The educational process to achieve the understanding of the critical number of managers
of other companies, and leaders in business, labor, and government would also be relatively
small a fraction of expenditures already devoted to company advertising and public relations
and perhaps not an incremental expense, but rather a substitute for expenditures already planned
regarding the dissemination of other information.

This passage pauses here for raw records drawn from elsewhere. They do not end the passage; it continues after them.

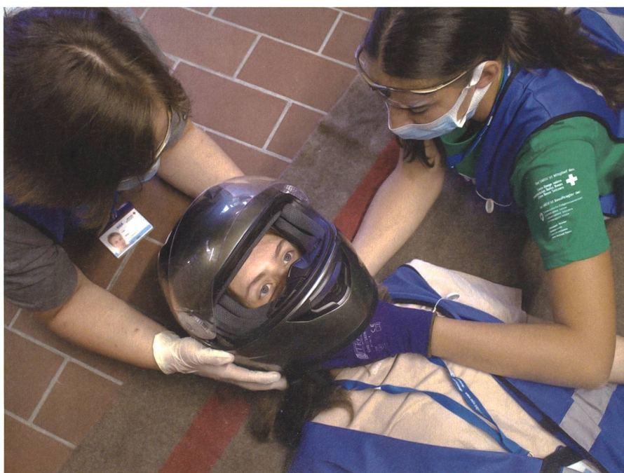
Jeder und jede kann helfen. Erste Hilfe hat keine Grenzen.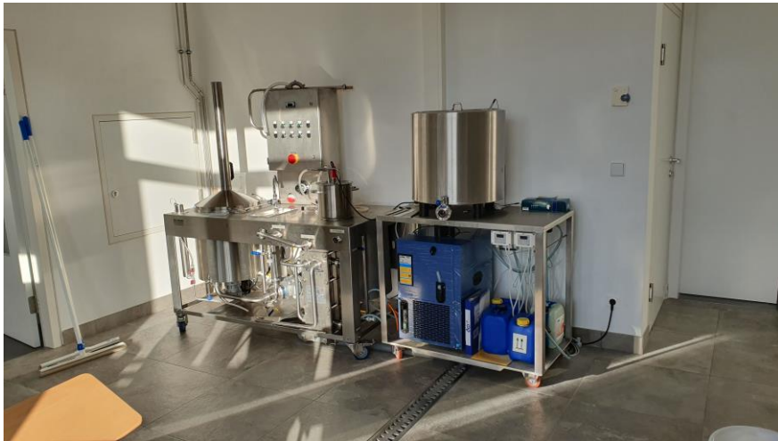
Der neue Standplatz der Lehrbrauerei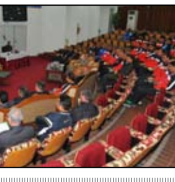
الكرة المركزية في اتحاد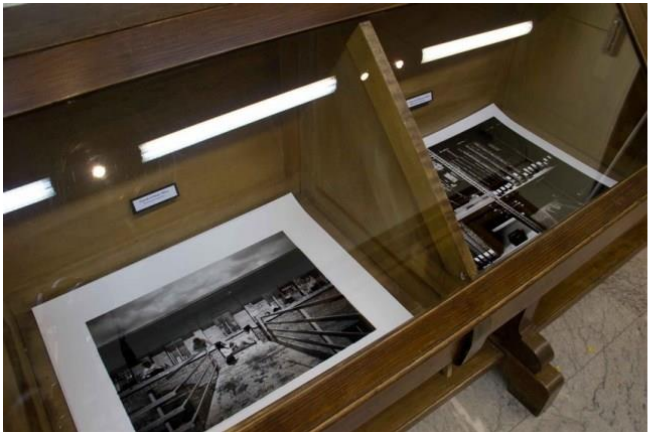
Izda. Pintando el paisaje (2 minutos de exposición) Dcha: Depósito de fondos de la Biblioteca (1620 minutos de exposición)

Once the ownership-broadening concepts are understood by a critical number of people,
it would also be necessary to persuade governments such as those of the USA and the UK to
make modest changes in the existing institutions of corporate finance that they maintain. The
changes would not involve increased taxation, government market intervention, compulsory
actions on the part of citizens or private companies, or increased government spending. With
sufficient breadth of understanding, the modest governmental changes would not be difficult to
achieve. Once the changes were made, the companies would be able to finance their capital
requirements in a profitable way that would enhance the earning capacity of their customers and
enrich their shareholders. There would be costs of implementation, primarily by way of
fiduciaries acting for the benefit of the new owners, but these world be far outweighed by the
increase in profitability of all participating companies.

VII. CONCLUSION

If the CEO of a major corporation were to initiate and maintain its leadership in this
simple educational process, that CEO and that major corporation would become widely credited
with leading the world out of its present economic nightmare and into a sustainable future of
prosperity, ecological harmony, distributive justice, and relative peace (excluding religious and
racial based conflict). The public relations benefits would be enormous.